Now a closer look at our segment results. Paypal had a strong quarter. Revenue reached $1.5 billion, up 20%, on an FX neutral basis. A few quick highlights on Paypal’s operational metrics. Total active accounts growth accelerated 1 point to 16%. TPV grew 22% on an FX neutral basis, driven by continued expansion of Paypal on merchant sites around the world, an increase in share of checkout and a 130 basis point increase in Paypal penetration on eBay.

Merchant services FX neutral TPB grew 26% in the quarter. Transaction margin was 64.4% in Q1, down 120 basis points due primarily to a lower take rate from smaller gains on our foreign currency hedges as well as large merchant mix.

Paypal segment margin came in at 24.1% for the quarter, down 230 basis points and in line with our full year guidance. This was mainly due to the lower transaction margin and investments in consumer awareness, product initiatives, and merchant ubiquity.

Let me touch on a few quick highlights for Bill Me Later. BML had a good quarter, and is becoming an increasingly important component of our overall portfolio. First, BML had strong standalone financials. TPV was $849 million, up 31%. Second, Bill Me Later’s penetration as a funding source in the Paypal wallet was 3.8% share on eBay and 1.6% on merchant services. This penetration improved Paypal’s funding mix, and helped reduce funding costs. And third, we continue to finance BML’s loan receivables portfolio using offshore cash, which has enabled us to increase the return on this asset.

Overall, BML continues to perform well. Now let’s move to Marketplaces. Marketplaces have a strong quarter, with net revenues of $2 billion, up 13%, on FX neutral basis. This was driven by FX neutral transaction revenue growth of 13%, and marketing services revenue growth of 16% from our adjacent formats.

A few quick highlights on Marketplaces operational metrics. Active user growth accelerated to 13%, driven by mobile, site enhancements, and emerging markets. FX neutral non-vehicles GMB grew 13%, driven by improvements in the customer experience, increased mobile engagement, and strong performance in the clothing and accessories and home and garden categories.

The 3-point deceleration from last quarter was the result of a strong holiday sales, tougher comps, and softness in Europe. Sold items increased 12%. The 6-point deceleration from last quarter relative to the 3-point deceleration in GMB was primarily the result of Asia, which had tougher comps in Korea for low ASP categories out of last year and improved seller standards in China.

Take rate, excluding vehicles and Stub Hub, was flat versus last year. Marketplaces segment margin was 42.1% in the quarter, up 340 basis points, primarily due to more efficient marketing spend, though we begin to ramp investments in growth initiatives going into Q2. We continue to be confident in the 38-42% segment margin guidance provided in March.

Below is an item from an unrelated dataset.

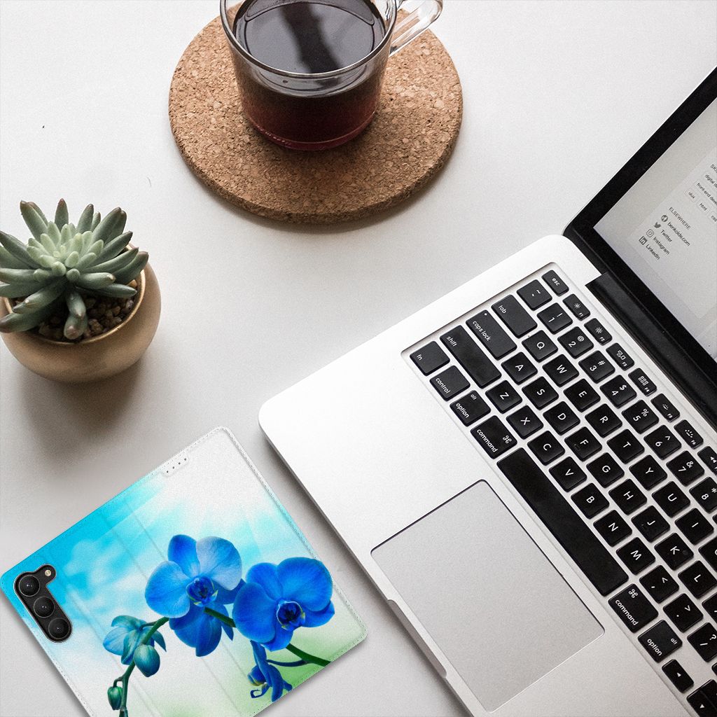Samsung Galaxy S23 Plus Smart Cover Orchidee Blauw - Cadeau voor je Moeder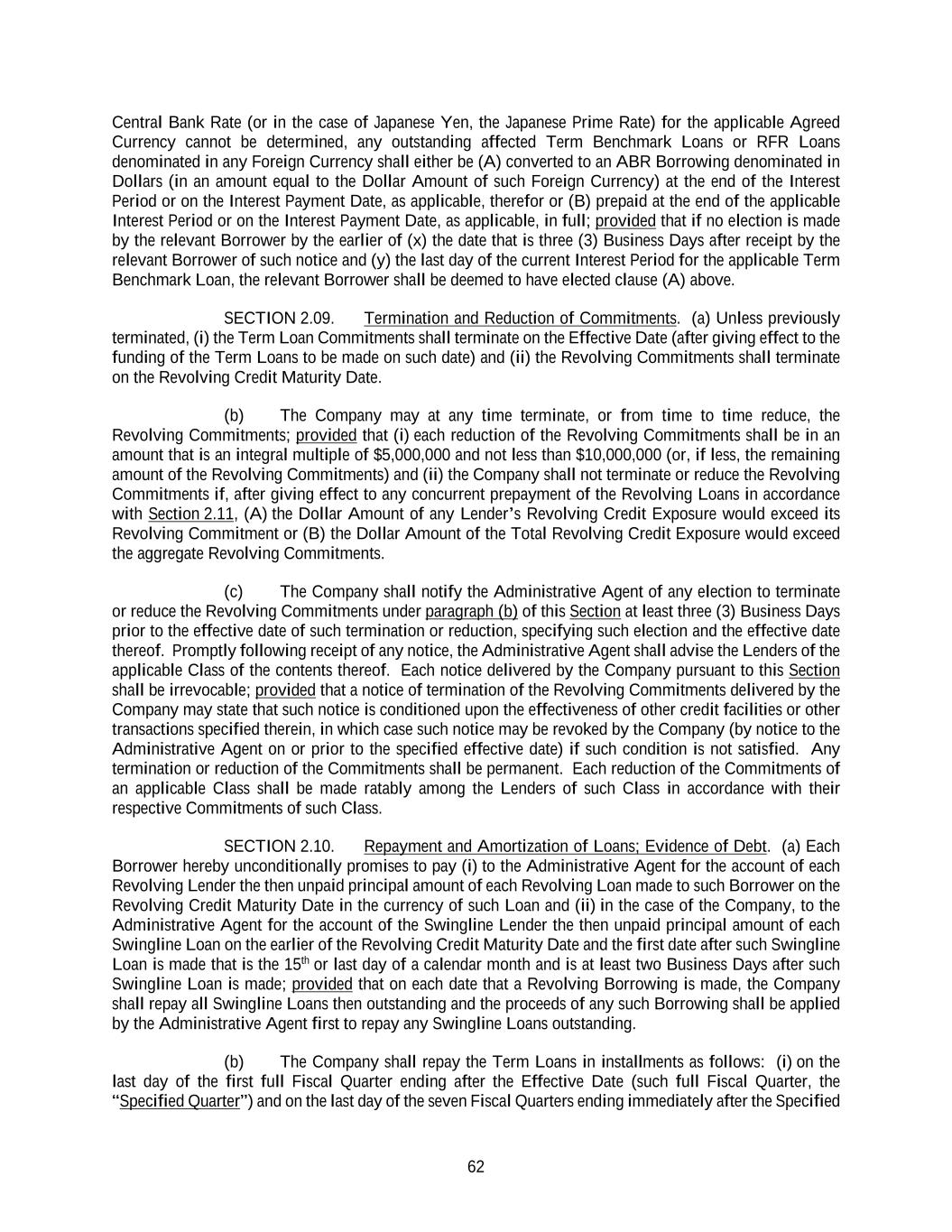 62 Central Bank Rate (or in the case of Japanese Yen, the Japanese Prime Rate) for the applicable Agreed Currency cannot be determined, any outstanding affected Term Benchmark Loans or RFR Loans denominated in any Foreign Currency shall either be (A) converted to an ABR Borrowing denominated in Dollars (in an amount equal to the Dollar Amount of such Foreign Currency) at the end of the Interest Period or on the Interest Payment Date, as applicable, therefor or (B) prepaid at the end of the applicable Interest Period or on the Interest Payment Date, as applicable, in full; provided that if no election is made by the relevant Borrower by the earlier of (x) the date that is three (3) Business Days after receipt by the relevant Borrower of such notice and (y) the last day of the current Interest Period for the applicable Term Benchmark Loan, the relevant Borrower shall be deemed to have elected clause (A) above. SECTION 2.09. Termination and Reduction of Commitments. (a) Unless previously terminated, (i) the Term Loan Commitments shall terminate on the Effective Date (after giving effect to the funding of the Term Loans to be made on such date) and (ii) the Revolving Commitments shall terminate on the Revolving Credit Maturity Date. (b) The Company may at any time terminate, or from time to time reduce, the Revolving Commitments; provided that (i) each reduction of the Revolving Commitments shall be in an amount that is an integral multiple of $5,000,000 and not less than $10,000,000 (or, if less, the remaining amount of the Revolving Commitments) and (ii) the Company shall not terminate or reduce the Revolving Commitments if, after giving effect to any concurrent prepayment of the Revolving Loans in accordance with Section 2.11, (A) the Dollar Amount of any Lender’s Revolving Credit Exposure would exceed its Revolving Commitment or (B) the Dollar Amount of the Total Revolving Credit Exposure would exceed the aggregate Revolving Commitments. (c) The Company shall notify the Administrative Agent of any election to terminate or reduce the Revolving Commitments under paragraph (b) of this Section at least three (3) Business Days prior to the effective date of such termination or reduction, specifying such election and the effective date thereof. Promptly following receipt of any notice, the Administrative Agent shall advise the Lenders of the applicable Class of the contents thereof. Each notice delivered by the Company pursuant to this Section shall be irrevocable; provided that a notice of termination of the Revolving Commitments delivered by the Company may state that such notice is conditioned upon the effectiveness of other credit facilities or other transactions specified therein, in which case such notice may be revoked by the Company (by notice to the Administrative Agent on or prior to the specified effective date) if such condition is not satisfied. Any termination or reduction of the Commitments shall be permanent. Each reduction of the Commitments of an applicable Class shall be made ratably among the Lenders of such Class in accordance with their respective Commitments of such Class. SECTION 2.10. Repayment and Amortization of Loans; Evidence of Debt. (a) Each Borrower hereby unconditionally promises to pay (i) to the Administrative Agent for the account of each Revolving Lender the then unpaid principal amount of each Revolving Loan made to such Borrower on the Revolving Credit Maturity Date in the currency of such Loan and (ii) in the case of the Company, to the Administrative Agent for the account of the Swingline Lender the then unpaid principal amount of each Swingline Loan on the earlier of the Revolving Credit Maturity Date and the first date after such Swingline Loan is made that is the 15th or last day of a calendar month and is at least two Business Days after such Swingline Loan is made; provided that on each date that a Revolving Borrowing is made, the Company shall repay all Swingline Loans then outstanding and the proceeds of any such Borrowing shall be applied by the Administrative Agent first to repay any Swingline Loans outstanding. (b) The Company shall repay the Term Loans in installments as follows: (i) on the last day of the first full Fiscal Quarter ending after the Effective Date (such full Fiscal Quarter, the “Specified Quarter”) and on the last day of the seven Fiscal Quarters ending immediately after the Specified

Now let’s turn to GSI. GSI continues to deliver on its goal to enable its clients to grow faster than the ecommerce market, with 16% same-store sales growth. Revenue for the quarter was $236 million, flat with last year, driven by strong volume growth, offset by our lower take rate and channel mix. Segment margin came in at 2.8%, down 670 basis points, due to take rate reduction, partially offset by productivity.

A few quick highlights on our progress related to the integration of GSI. We continue to add new clients to leverage eBay.com as a distribution channel to expand their businesses, with the goal of reaching 30 by the end of the year. Paypal is increasingly becoming the way to pay on GSI clients, with Paypal coverage now more than 90% of GSI client volumes and share of checkout was 14% in the quarter.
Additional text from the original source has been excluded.